Variations of a gene
The scientists found that patients with two copies of a variant of IL10 called IL10-592A variant (the A/A genotype) were half as likely to develop severe acute graft-vs.-host disease than patients with the C/C genotype. The letters refer to differences in DNA sequence at a particular position within the IL10 gene. Patients with one copy of each variant (A/C genotype) had an intermediate level of risk. In addition, patients with the favorable A/A genotype had a three-year death rate of 13 percent, while those with either the A/C or C/C genotype had three-year death rates of about 25 percent. The researchers do not yet know how the differences in DNA sequence affect the IL10 gene, although they suspect that it leads to increased production of interleukin-10.
Hansen said that eventually doctors will have the power to assemble a genetic profile of potential transplant recipients through DNA sequencing of IL10 and other genes found to affect a patient's response to treatment.
"This will enable us to individualize outcome analysis and prediction," he said. Among the practical applications is more comprehensive counseling for patients considering a transplant.
"When discussing options with a patient, a routine decision that must be made is when is the appropriate time to undertake a transplant," Hansen said. "Currently we consider the patient's diagnosis and stage of disease, age, HLA match and whether the patient has other medical conditions to make that decision. Genetic testing would give us another dimension. A patient with a favorable genotype and a matched donor might want to proceed with a transplant sooner rather than later."
Hansen said that an unfavorable genotype might be an indication for adjusting the dose of administered drugs or it might guide the choice of the type of transplant for an individual patient, for example a mini-transplant versus conventional transplant.
"In addition, the finding that IL10 genotype affects transplant outcome creates a rationale for developing new agents and drug therapy that might enhance the IL-10 effect," he said. "For example, this might provide impetus for seeking new agents we could administer that might modulate a patient's levels of interleukin-10."
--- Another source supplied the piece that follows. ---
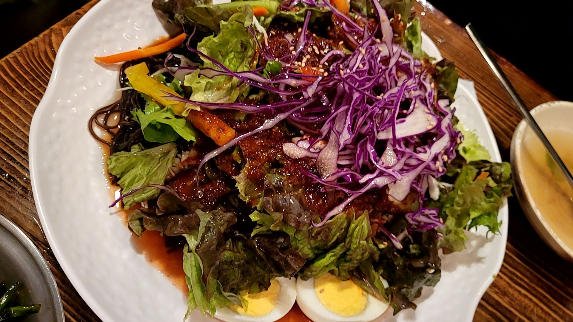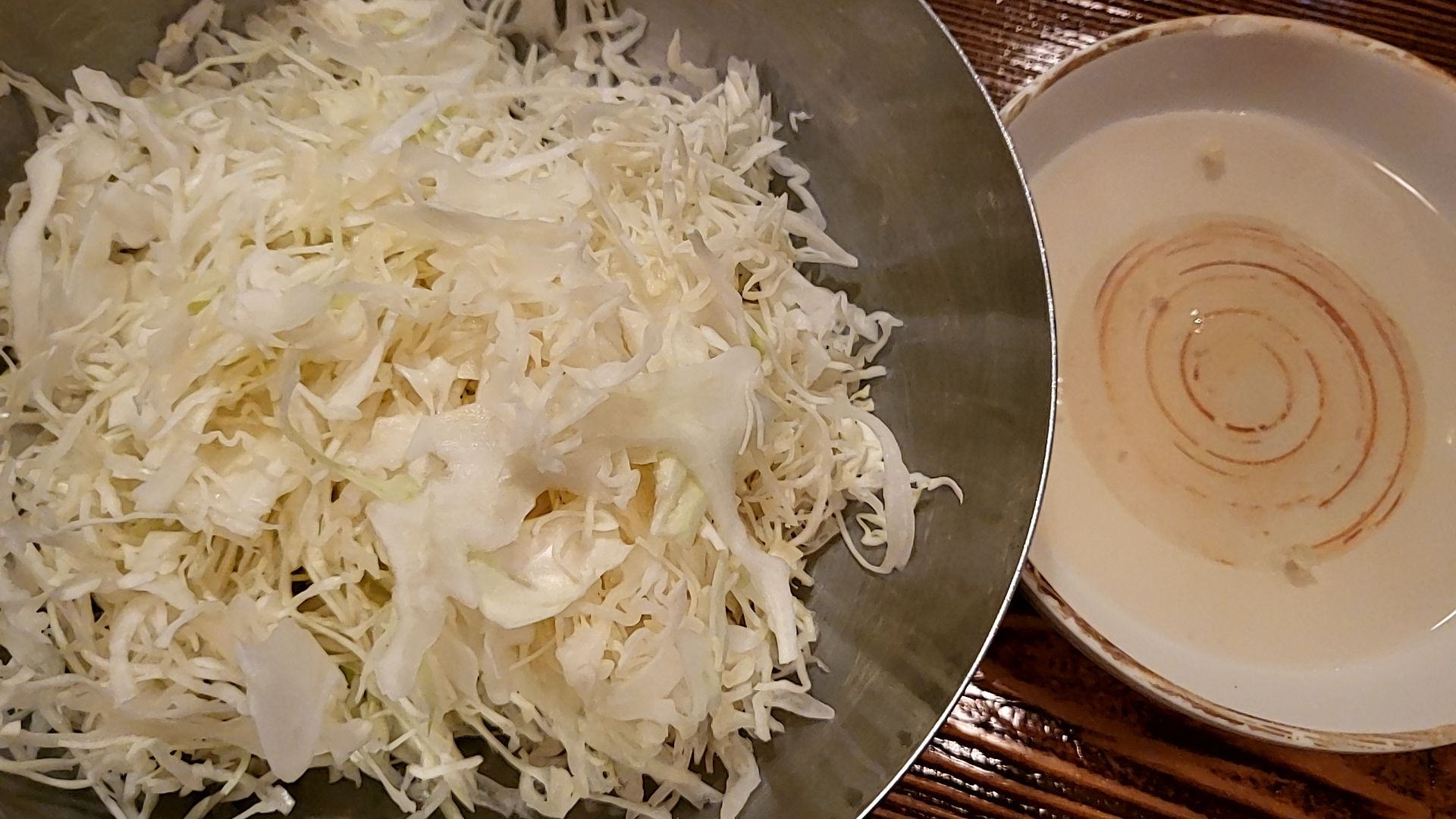 양배추샐러드가 따로나오고, 특제소스와 같이 먹는 샐러드이다.

Susceptibility and outcome
Hansen said that it is not yet known whether the association of IL10 genotype and graft-vs.-host disease will hold true for transplants between unrelated individuals. A study to address this question is now under way.
The findings also help to explain why the incidence of acute graft-vs.-host disease differs among ethnic groups, Lin said. "Asians have a much lower reported incidence of acute graft-vs.-host disease than Caucasian patients," he said. "The frequency of the A/A genotype among white populations is about 24 percent and is closer to 70 percent in Japanese and Taiwanese populations."
Lin and colleagues at the National Taiwan University have recently found that IL10 genotype also correlates with outcome of hepatitis C virus infection, a disease that is prevalent in Asia.
"I believe that in the future we will see many more examples where genetic variation in immune-response genes affects disease susceptibility and outcome," he said.